REQUIRED WORK
The expected output is every line of the data exactly as shown, minus the images.

(Stored items from a collection)
- - - -

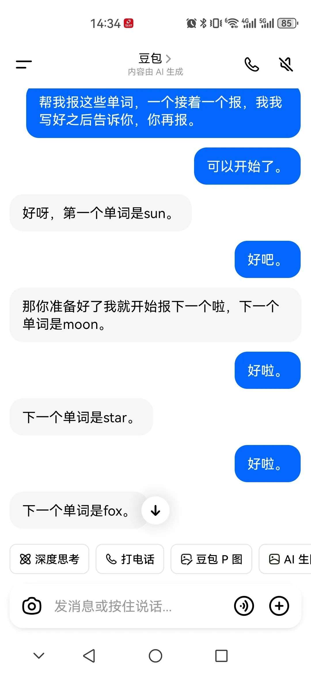 - 和豆包进行对话: 帮我报这些单词,一个接着一个报,我写好之后告诉你,你再报
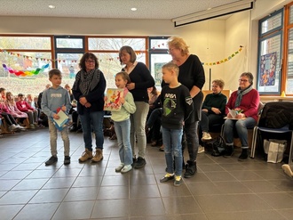 Vorgelesen wurde ungefähr 25 Minuten. Danach gab es ein Mal- und Schreibangebot für die Schulkinder. Jedes Kind malte oder schrieb etwas für die Vorleserinnen und Vorleser. Überreicht wurden die Texte und Bilder dann gebündelt in der Aula, um DANKE zu sagen, nachdem die Gruppen kurz die Texte, die sie gehört hatten, vorgestellt hatten. Manch einem Kind hat dies sicher neue Inspirationen gegeben, die präsentierten Bücher zu lesen, die teilweise auch in der Schülerbücherei vorhanden sind.
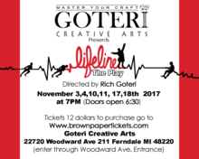 The play Lifeline is a series of six comedic scenes. The play is directed by Rich Goteri. It stars Montie Brown, Hobart Reynolds, Carol Brown,Bryan Sawyer, Michael Fish, Phil Elam, and Tony Minicilli.
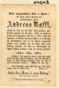Abstract: Sterbebild von Andreas Raffl, Priester Geb. am 16.11.1821 in Tall, gest. am 16.09.1874 ohne Foto
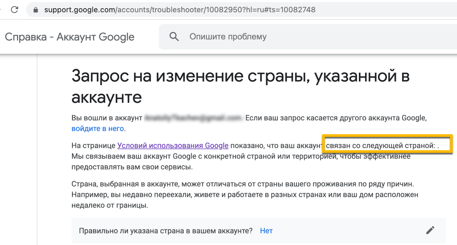 Данная страница может показывать страну, связанную с учетной записью Google, и позволяет вам запросить ее изменение, если указана неверная информация. Для этого доступна форма, которая позволяет запросить у Google изменение связанной страны.
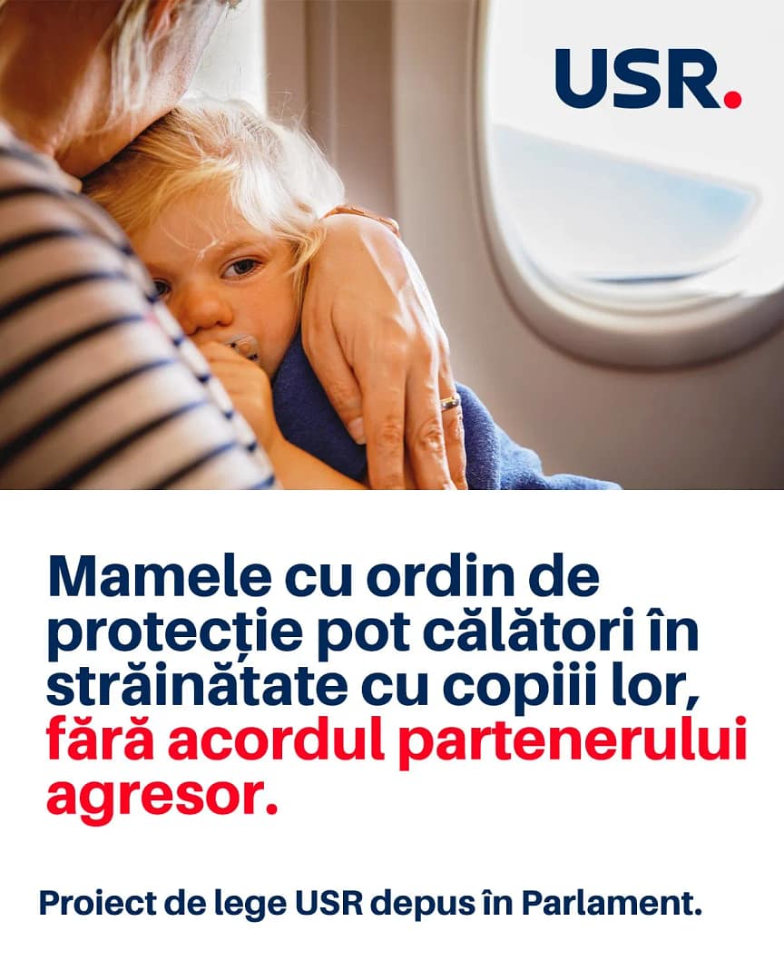 Modificarea cadrului legislativ propusă de USR în proiectul de lege constă în faptul că părintele care deține ordin de protecție va putea călători în străinătate însoțit de copilul minor, fără a fi nevoit să obțină de la părintele agresor declarația notarială.
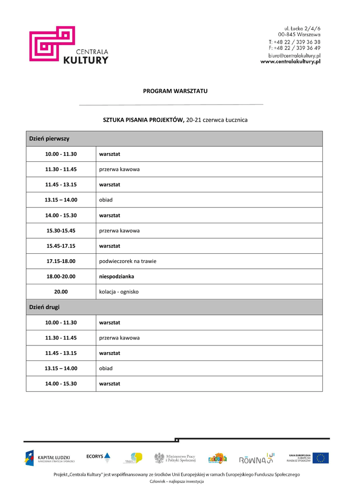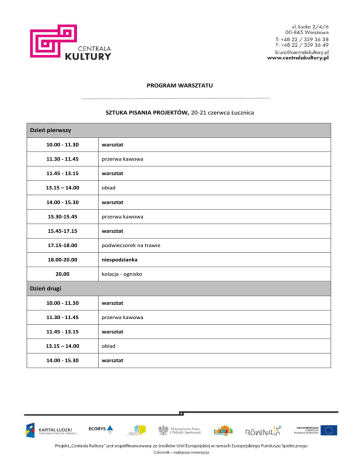 PROGRAM WARSZTATU SZTUKA PISANIA PROJEKTÓW, 20-21 czerwca Łucznica Dzień pierwszy 10.00 - 11.30 warsztat 11.30 - 11.45 przerwa kawowa 11.45 - 13.15 warsztat 13.15 – 14.00 obiad 14.00 - 15.30 warsztat 15.30-15.45 przerwa kawowa 15.45-17.15 warsztat 17.15-18.00 podwieczorek na trawie 18.00-20.00 niespodzianka 20.00 kolacja - ognisko Dzień drugi 10.00 - 11.30 warsztat 11.30 - 11.45 przerwa kawowa 11.45 - 13.15 warsztat 13.15 – 14.00 obiad 14.00 - 15.30 warsztat

- - - -

RESULT
 - 和豆包进行对话: 帮我报这些单词,一个接着一个报,我写好之后告诉你,你再报
 Vorgelesen wurde ungefähr 25 Minuten. Danach gab es ein Mal- und Schreibangebot für die Schulkinder. Jedes Kind malte oder schrieb etwas für die Vorleserinnen und Vorleser. Überreicht wurden die Texte und Bilder dann gebündelt in der Aula, um DANKE zu sagen, nachdem die Gruppen kurz die Texte, die sie gehört hatten, vorgestellt hatten. Manch einem Kind hat dies sicher neue Inspirationen gegeben, die präsentierten Bücher zu lesen, die teilweise auch in der Schülerbücherei vorhanden sind.
 The play Lifeline is a series of six comedic scenes. The play is directed by Rich Goteri. It stars Montie Brown, Hobart Reynolds, Carol Brown,Bryan Sawyer, Michael Fish, Phil Elam, and Tony Minicilli.
Abstract: Sterbebild von Andreas Raffl, Priester Geb. am 16.11.1821 in Tall, gest. am 16.09.1874 ohne Foto
 Данная страница может показывать страну, связанную с учетной записью Google, и позволяет вам запросить ее изменение, если указана неверная информация. Для этого доступна форма, которая позволяет запросить у Google изменение связанной страны.
 Modificarea cadrului legislativ propusă de USR în proiectul de lege constă în faptul că părintele care deține ordin de protecție va putea călători în străinătate însoțit de copilul minor, fără a fi nevoit să obțină de la părintele agresor declarația notarială.
 PROGRAM WARSZTATU SZTUKA PISANIA PROJEKTÓW, 20-21 czerwca Łucznica Dzień pierwszy 10.00 - 11.30 warsztat 11.30 - 11.45 przerwa kawowa 11.45 - 13.15 warsztat 13.15 – 14.00 obiad 14.00 - 15.30 warsztat 15.30-15.45 przerwa kawowa 15.45-17.15 warsztat 17.15-18.00 podwieczorek na trawie 18.00-20.00 niespodzianka 20.00 kolacja - ognisko Dzień drugi 10.00 - 11.30 warsztat 11.30 - 11.45 przerwa kawowa 11.45 - 13.15 warsztat 13.15 – 14.00 obiad 14.00 - 15.30 warsztat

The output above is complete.